Figure 5 shows an example of the surface EMG and load-cell data collected during the study. The panels of Fig. 5 show the EMG recordings from the left paraspinal muscle at L2 and the load-cell data collected during the performance of the FCE lifting with flexed knees test prior to (panels a and c) and after (panel b and d) the hardware removal surgery. The activity level and the amplitude modulation scores prior to the hardware removal surgery were 2 and 0, respectively. The corresponding clinical scores after the hardware removal surgery were 4 and 3, respectively. These clinical scores captured an increase in the EMG level of activity and its amplitude modulation. In fact, the RMS value of the bursts of EMG activity after the hardware removal surgery was approximately 40% larger than those detected before the surgery. The load-cell data also showed a marked increase in force output following the lumbar hardware removal surgery. In fact, the load-cell output barely reached 100 lbs before the surgery whereas it approached 150 lbs after the surgery. It is worth noticing that the improvements in the patterns of muscle activity shown in Fig. 5 were observed at the level of the lumbar fusion.
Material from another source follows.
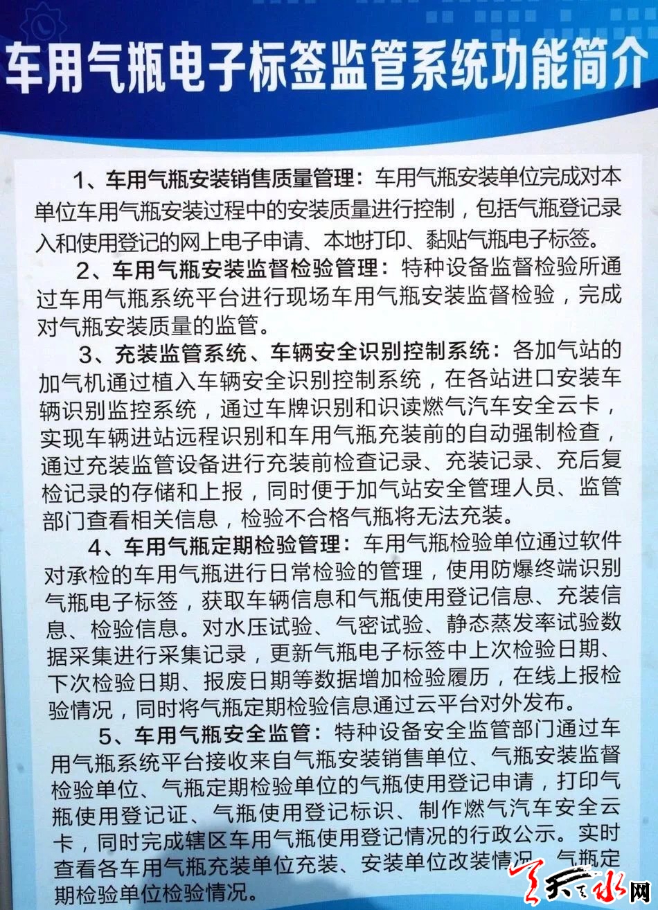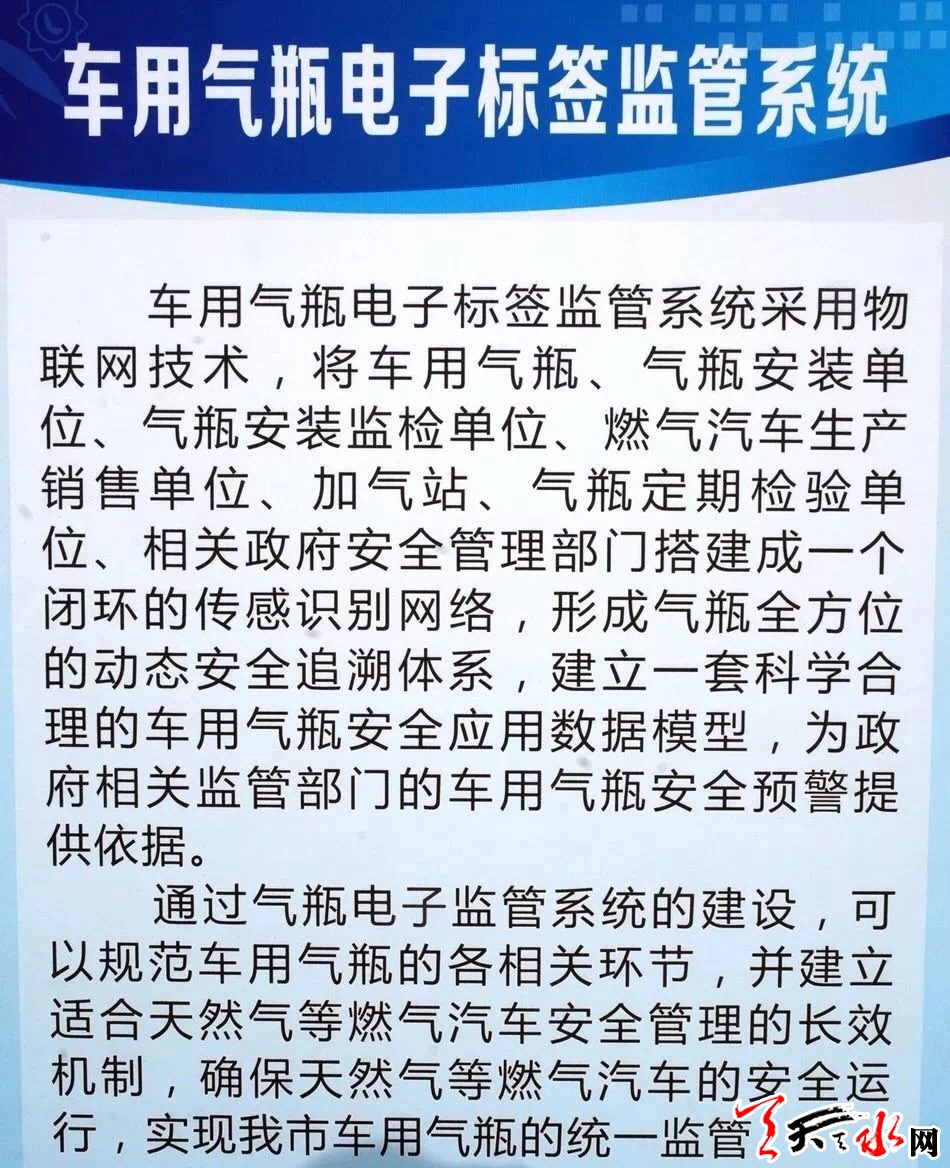 天天天水网讯(记者 马凯)8月7日,天水市车用气瓶电子监管系统启动仪式在天水羲通公交集团举行,标志着我市车用气瓶将实现信息化全动态监管。甘肃省质监局副局长李永平出席启动仪式并讲话。天水市政府副市长王燕宣布监管系统正式启动。

Additional observations of interest were gathered during the other tests performed as part of the EFA-based protocol that was used to clinically assess the subject. During the rest standing test at the beginning of the battery of tests, the analysis of the data identified a large level of activity in the right biceps femoris that decreased after the lumbar hardware removal surgery. Spasms were observed in the recordings from the left biceps femoris before surgery that were not present after surgery and compensatory activity in the left rectus femoris that was not present after surgery. The analysis of the surface EMG data collected during the trunk flexion/extension movement tests showed an improvement in the amplitude modulation of the data collected from the paraspinal muscles at L2 and at L5, and the gluteus maximus. The data collected during the trunk lateral movement tests showed improvements in the patterns of activity of the right and left latissimus dorsi muscles, the paraspinal muscles at L2 and at L5, and the biceps femoris. The data collected during the walking and kneeling tests showed bilateral improvements post-surgery in the patterns of activity of the paraspinal muscles at L2 and at L5. Improvements post-surgery were also observed bilaterally in the activity of the paraspinal muscles at L2 and at L5 during the rest standing tests that followed the walking and kneeling tests and in the activity of the biceps femoris and rectus femoris during the rest standing tests that followed the FCE lifting with flexed knees tests. No differences were observed during the rest sitting tests at the end of the battery of tests.

These observations are clinically relevant. The results of the above-summarized analyses indicate that the subject displayed patterns of muscle activity post-surgery that were closer than the ones observed before surgery to the physiological patterns of activity. These EMG-based observations were associated with improvements in range of motion, force output and in the general status of the individual (e.g. self-report of pain severity). Most importantly, close inspection of the hardware during the surgery showed that one of the screws had migrated in the spinal canal and was likely causing the symptoms reported by the subject. These results should be looked upon as a preliminary example of potential application of the procedures developed in the study. The validity of the proposed approach will have to be confirmed in future clinical studies. Nonetheless, the results herein reported suggest that our approach could be utilized in clinical assessments where other techniques have failed to capture the impact of soft tissue damage causing back pain.